Created an evaluator for the predictors which loads them via. a config file. Users can create custom predictors now and put them in the config so that they can compare them to our models. A README on how to do this is now found in the custom predictors folder.

…to evaluate predictors

…ADME

danyoungday · 2024-07-22T17:21:42Z

use_cases/eluc/experiments/predictor_experiments.ipynb

@@ -32,7 +32,7 @@
    "from persistence.serializers.sklearn_serializer import SKLearnSerializer\n",
    "from predictors.predictor import Predictor\n",
    "from predictors.neural_network.neural_net_predictor import NeuralNetPredictor\n",
-    "from predictors.sklearn.sklearn_predictor import LinearRegressionPredictor, RandomForestPredictor"
+    "from predictors.sklearn_predictor.sklearn_predictor import LinearRegressionPredictor, RandomForestPredictor"


Had to rename this folder because it was getting confused with the real sklearn library. It took me an hour to debug this!!

danyoungday · 2024-07-22T17:22:09Z

use_cases/eluc/predictors/custom/README.md

Instructions on how to create a custom predictor. We link to relevant files to read over to get an idea of how to do it.

danyoungday · 2024-07-22T17:22:29Z

use_cases/eluc/predictors/custom/template/template_predictor.py

+
+    def predict(self, context_actions_df: pd.DataFrame) -> pd.DataFrame:
+        dummy_eluc = list(range(len(context_actions_df)))
+        return pd.DataFrame({"ELUC": dummy_eluc}, index=context_actions_df.index)


Dummy predictor just to show people how to create one. Just returns random numbers.

danyoungday · 2024-07-22T17:22:59Z

use_cases/eluc/predictors/custom/template/template_predictor.py

+        Dummy load function that just returns a new instance of the class.
+        """
+        print("Loading model from", path)
+        return cls()


Dummy predictor implements the load function rather than being in its own serializer to show that this is possible.
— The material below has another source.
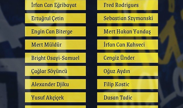 Fenerbahçe'nin, Trendyol Süper Lig'de yarın deplasmanda karşılaşacağı Adana Demirspor maçının kamp kadrosu belli oldu. Sarı-lacivertlilerde 6 futbolcu kafilede yer almadı.Trendyol Süper Lig'in 20. haftasında yarın deplasmanda Adana Demirspor ile karşılaşacak olan Fenerbahçe, bu mücadelenin hazırlıklarını tamamlayarak mücadelenin oynanacağı kente hareket etti. Sarı-lacivertli kafilede tedavileri süren Jayden Oosterwolde, Rodrigo Becao, İsmail Yüksek ve Dominik Livakovic yer almadı. Samet Akaydin teknik heyet kararıyla, Allan Saint-Maximin de gribal enfeksiyon nedeniyle kadroda bulunmuyor. Altyapıda forma giyen kaleci Engin Can Biterge de Adana'ya giden kafileye alındı.Fenerbahçe'nin 22 kişilik kamp kadrosu şöyle:"İrfan Can Eğribayat, Osman Ertuğrul Çetin, Engin Can Biterge, Mert Müldür, Bright Osayi-Samuel, Çağlar Söyüncü, Alexander Djiku, Yusuf Akçiçek, Levent Mercan, Sofyan Amrabat, Bartuğ Elmaz, Fred Rodrigues, Sebastian Szymanski, Mert Hakan Yandaş, İrfan Can Kahveci, Cengiz Ünder, Oğuz Aydın, Filip Kostic, Dusan Tadic, Edin Dzeko, Youssef En-Nesyri, Cenk Tosun."

All you need is a load and predict function but the serializer makes things nicer in our official predictors.

danyoungday · 2024-07-22T17:23:39Z

use_cases/eluc/predictors/evaluation/config.json

+            "filepath": "predictors/custom/template/model.pt"
+        },
+        {
+            "type": "hf",


We can load with local or huggingface from the config

danyoungday · 2024-07-22T17:24:05Z

use_cases/eluc/predictors/evaluation/evaluation.py

+            spec = importlib.util.spec_from_file_location(model["name"], model["classpath"])
+            module = importlib.util.module_from_spec(spec)
+            spec.loader.exec_module(module)
+            model_instance = getattr(module, model["name"])


Dynamic load function uses importlib to load arbitrary classes. Did not realize python could do this!

danyoungday · 2024-07-22T17:24:24Z

use_cases/eluc/predictors/evaluation/evaluation.py

+                persistor = HuggingFacePersistor(model_instance())
+                predictor = persistor.from_pretrained(model["url"], local_dir=model["filepath"])
+            elif model["type"] == "local":
+                predictor = model_instance().load(Path(model["filepath"]))


We can load from huggingface or locally

danyoungday · 2024-07-22T17:24:56Z

use_cases/eluc/predictors/evaluation/validator.py

+            raise ValueError(f"Columns {not_seen} not found in input dataframe.")
+
+        seen_outcomes = [col for col in self.outcomes if col in context_actions_df.columns]
+        return context_actions_df.drop(columns=seen_outcomes).copy()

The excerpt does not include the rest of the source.